Is the ultimate fate of selling snacks selling groceries? Bestore ventures into the supermarket track.
Snack shops seem destined to inevitably end up selling vegetables.
On May 16, "Bestore · Fresh Life" Hanguang store officially opened at Wuhan Hankou Urban Plaza, becoming the company's first new-format supermarket in China.
From the perspective of its product range, this store is no longer just a traditional snack shop. It has introduced categories such as fresh ingredients, freshly-made cooked food, freshly-baked bread, ready-to-eat daily products, refrigerated and frozen items, aiming to cover consumers' needs for all three daily meals, and positioning itself as a "community kitchen."
This company, once known for “premium snacks,” has begun to reach into more frequent and daily community consumption scenarios.
"Opening supermarkets" has become a necessary attempt for snack industry players to escape fierce competition.
In the past few years, bulk snack stores expanded rapidly, reshaping industry competition with lower prices, higher turnover, and more efficient supply chains. The brand premium that Bestore established based on "quality snacks" has been significantly squeezed.
Compared with online snack consumption and price competition of bulk stores, community supermarkets are closer to the daily meal scenarios and can more easily create differentiation through immediacy, convenience and non-standard products.
Especially, “fresh snacks” such as short-shelf-life, freshly-made, and semi-ready-to-eat products naturally carry non-standard attributes. They help increase consumption frequency and retain some brand premium.
However, the advantage of short-shelf-life products lies in freshness and experience, but the difficulty is in scaling up.
The shelf life of "fresh snacks" has been shortened from more than half a year for traditional snacks to three to seven days, which means supply chain turnover, store waste, staff operations, and quality control standards all become more complicated.

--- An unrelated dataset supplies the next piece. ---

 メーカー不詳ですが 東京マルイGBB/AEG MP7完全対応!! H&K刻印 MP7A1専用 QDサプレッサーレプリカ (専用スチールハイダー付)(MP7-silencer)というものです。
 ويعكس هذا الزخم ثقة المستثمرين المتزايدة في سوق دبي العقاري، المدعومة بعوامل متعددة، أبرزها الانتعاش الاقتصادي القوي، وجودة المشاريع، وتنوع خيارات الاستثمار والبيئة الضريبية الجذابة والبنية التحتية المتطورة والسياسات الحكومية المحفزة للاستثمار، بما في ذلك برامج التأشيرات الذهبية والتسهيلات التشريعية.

If pursuing rapid expansion, trade-offs may have to be made between price, waste, or quality control.
Different players have different solutions for this.
In recent years, Three Squirrels has emphasized building its own factories and transforming its supply chain, aiming to increase gross profit margin through proprietary brands and manufacturing capabilities. Its supermarket-style stores “Three Squirrels Life Pavilion” have self-owned brands accounting for 80-90%.

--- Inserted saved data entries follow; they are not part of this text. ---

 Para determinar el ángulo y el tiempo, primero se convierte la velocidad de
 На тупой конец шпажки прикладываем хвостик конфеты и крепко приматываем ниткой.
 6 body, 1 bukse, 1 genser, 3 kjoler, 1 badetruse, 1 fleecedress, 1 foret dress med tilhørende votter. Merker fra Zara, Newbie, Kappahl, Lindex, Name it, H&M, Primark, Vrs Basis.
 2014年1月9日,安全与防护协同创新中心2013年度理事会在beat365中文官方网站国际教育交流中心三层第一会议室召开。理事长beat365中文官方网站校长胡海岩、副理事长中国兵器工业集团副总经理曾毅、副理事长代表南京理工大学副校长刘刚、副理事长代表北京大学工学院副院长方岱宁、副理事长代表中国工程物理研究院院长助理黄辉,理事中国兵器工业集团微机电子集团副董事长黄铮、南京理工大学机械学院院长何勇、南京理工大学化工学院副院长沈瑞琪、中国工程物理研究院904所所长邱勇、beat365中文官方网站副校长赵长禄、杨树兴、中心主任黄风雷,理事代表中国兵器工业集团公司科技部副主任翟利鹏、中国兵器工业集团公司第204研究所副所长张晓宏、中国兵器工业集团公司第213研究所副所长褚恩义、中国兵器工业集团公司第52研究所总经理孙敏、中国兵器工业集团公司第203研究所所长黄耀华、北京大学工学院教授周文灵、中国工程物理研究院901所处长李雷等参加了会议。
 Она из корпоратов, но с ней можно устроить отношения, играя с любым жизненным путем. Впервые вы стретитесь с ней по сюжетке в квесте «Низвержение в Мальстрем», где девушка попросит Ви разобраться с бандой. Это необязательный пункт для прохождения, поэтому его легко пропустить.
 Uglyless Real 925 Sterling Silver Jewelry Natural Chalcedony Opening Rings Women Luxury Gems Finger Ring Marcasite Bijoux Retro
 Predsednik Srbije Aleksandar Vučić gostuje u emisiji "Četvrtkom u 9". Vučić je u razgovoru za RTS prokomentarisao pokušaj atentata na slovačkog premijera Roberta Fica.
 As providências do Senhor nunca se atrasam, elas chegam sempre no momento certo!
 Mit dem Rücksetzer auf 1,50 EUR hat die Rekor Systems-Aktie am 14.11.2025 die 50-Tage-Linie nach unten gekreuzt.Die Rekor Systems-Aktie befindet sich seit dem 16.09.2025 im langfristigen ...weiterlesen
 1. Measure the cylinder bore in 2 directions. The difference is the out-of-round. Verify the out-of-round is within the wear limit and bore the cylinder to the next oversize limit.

Bulk snack groups rely more on large-scale supplier systems and store networks, maximizing efficiency advantages.
By contrast, Bestore has long stuck to the OEM model, with a high proportion of products outsourced, and only deployed its own production capacity in certain segments. This means that after entering the supermarket format, the company needs to fill gaps not only in product range, but also in more complex short-shelf-life, freshly-made and fresh supply chain capabilities.
Financial constraints cannot be ignored.
In 2025, Bestore pushed for large-scale store adjustments, closing 719 stores throughout the year, facing operating pressure and suffering losses.

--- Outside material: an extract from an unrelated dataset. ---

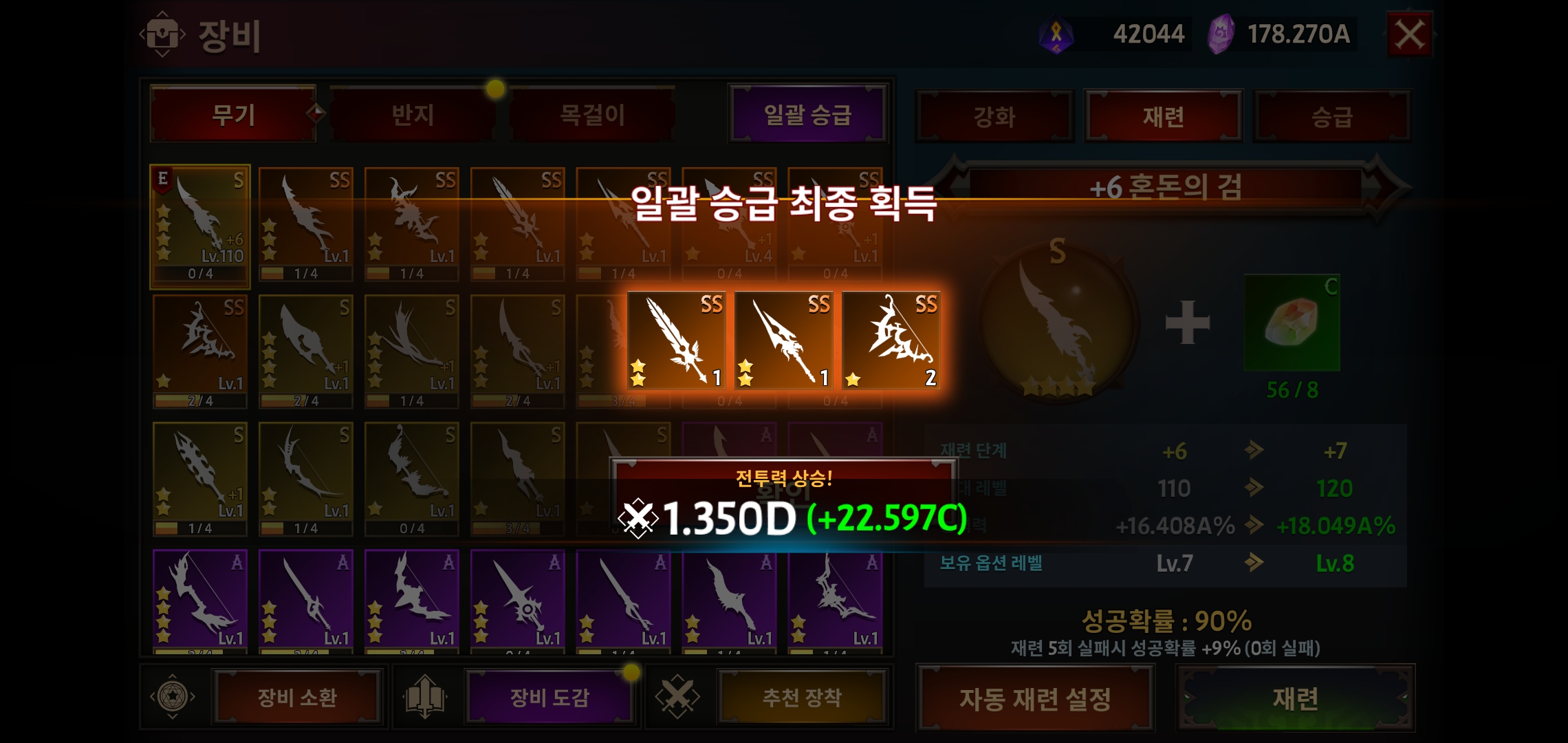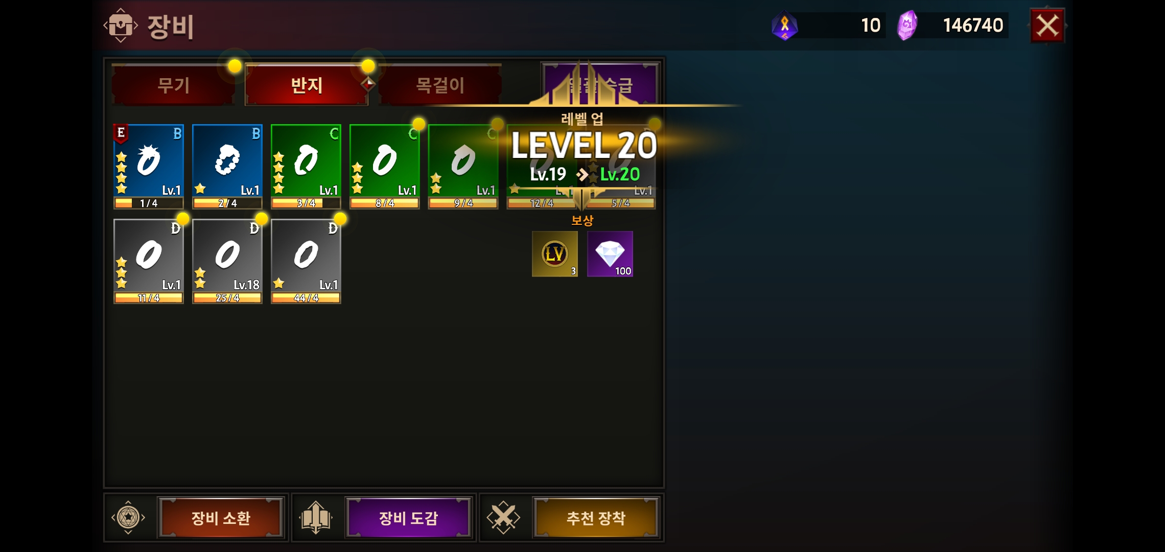 새로운 장비가 더 좋으면, 추천을 띄워줘서 바로 교체할 수 있거나

However, cash flow has improved. The 2025 annual report shows net cash flow from operating activities was 412 million yuan, up 7038% year-on-year and a significant increase from 5.77 million yuan in 2024.
This provides some buffer for testing new formats. But if “Fresh Life” moves from single-store trials to large-scale rollouts, it will place higher demands on supply chain, store renovations, operations teams, and cash flow.